How is a quick fix of telling people “Looking at women’s bodies is not ok” going to solve any problems?  There are much, much more effective ways of tackling the underlying sexism in our society.  But actually, it’s much, much harder to tackle latent sexism than it is to find an obvious example of something in popular culture that you don’t agree with.  To tackle latent sexism, we need things like Ladyfest; we need campaigns like Women for Independence in Scotland, a movement designed to make sure that women’s opinions are not yet again overlooked in a national debate; we need feminist organisations to have, and actively implement, policies on intersectionality, that have been developed in collaboration with marginalised groups within women; we need campaigns like Oxfam’s Female Food Hero, which not only celebrates the hugely important role women play in food production all over the world (the project has been run in Tanzania, and is soon to be run in Ireland – see here for more), but also provides women with training and further resources to enhance their skills in food production.  Issues around women and negative body image would be more adequately addressed by working with girls and women who suffer from body image problems, rather than censoring those women whose insecurities are not so great that they are uncomfortable with revealing their bodies.  A better way to dissociate pornographic images and sexual assault (if indeed such a link does exist), would be to educate people that there is a difference between women who consent to sexual activity (including participation in pornography and engaging in sex) and women who do not.  All of these activities require a lot more effort and commitment than simply signing a petition, but furthermore, they do not have the knock-on negative affect of stigmatising and criticising women who work in the sex industry.
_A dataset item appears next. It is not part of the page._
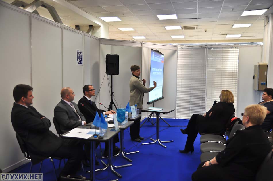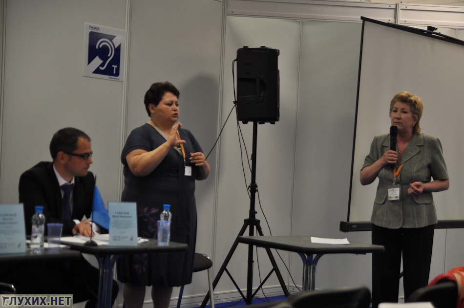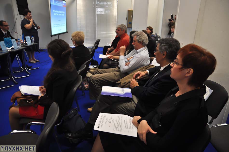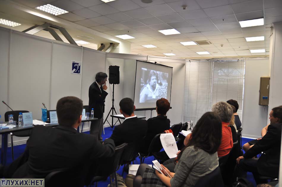 Первым с докладом «Русский жестовый язык и качество жизни глухих» выступил Ларионов М.Б.. Он обозначил основные проблемы: количество и качество переводчиков жестового языка (на данный момент в России существует нехватка 6000 переводчиков). И использование жестового языка в образовании, не принятие билингвистической системы. Отметил дефицит кадров в школе, связанный со снижением престижа профессии сурдопедагога, в связи с этим упало и качество образования, что сказывается на невозможности получения хорошей работы и снижении качества жизни глухих. А также в докладе была озвучена важность обеспечения права любому человеку с нарушением слуха поступать в образовательные учреждения по своему выбору.
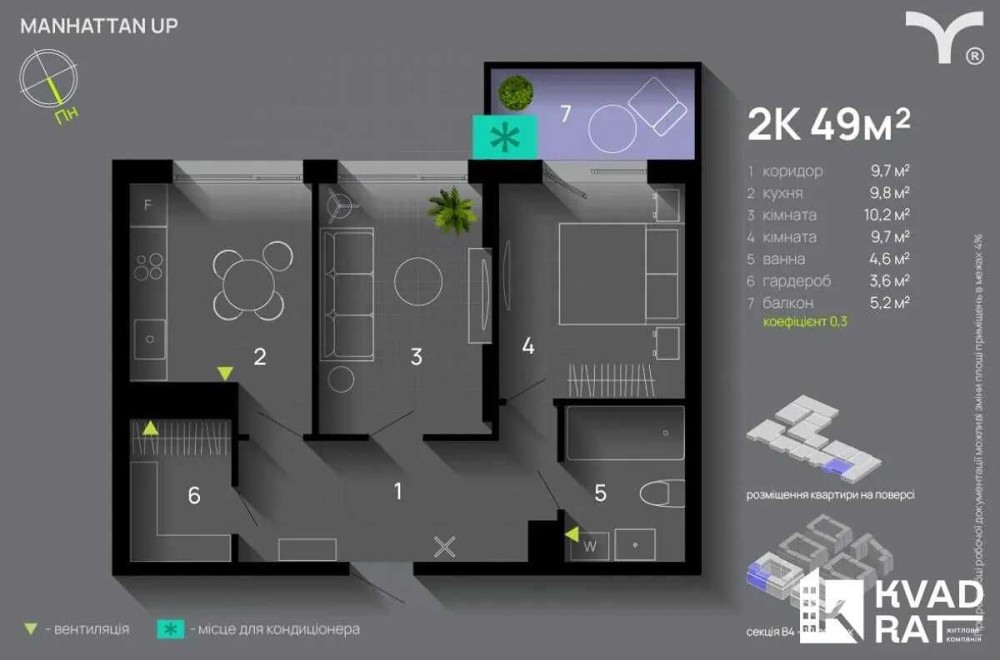 • Загальна площа 49 м2

Not only do I believe that this campaign is ill thought-out, and utterly careless with regards to its social context and potential consequences, but, given the attitudes and beliefs of its founder in relation to sex and sexual expression, I find it difficult to believe that the campaign is even well-meaning.  This campaign is taking place in a context where female nudity and sexuality is heavily criticised.  It is taking place in a context where the media does not represent women adequately.   It is the brainchild of a woman who makes value judgements about other people’s sexual preferences.  And crucially, it ignores all of these contexts.  Take the bare boobs out of The Sun is an ostentatious, lazy attempt at feminist activism, which will not have a large direct impact on women’s rights, and fits very neatly into a misogynistic culture of slut-shaming and dictating to women what we can and should do with our bodies.  And as a feminist who believes in improving rights for all women, not just those who share my particular attitudes, I cannot put my name to it.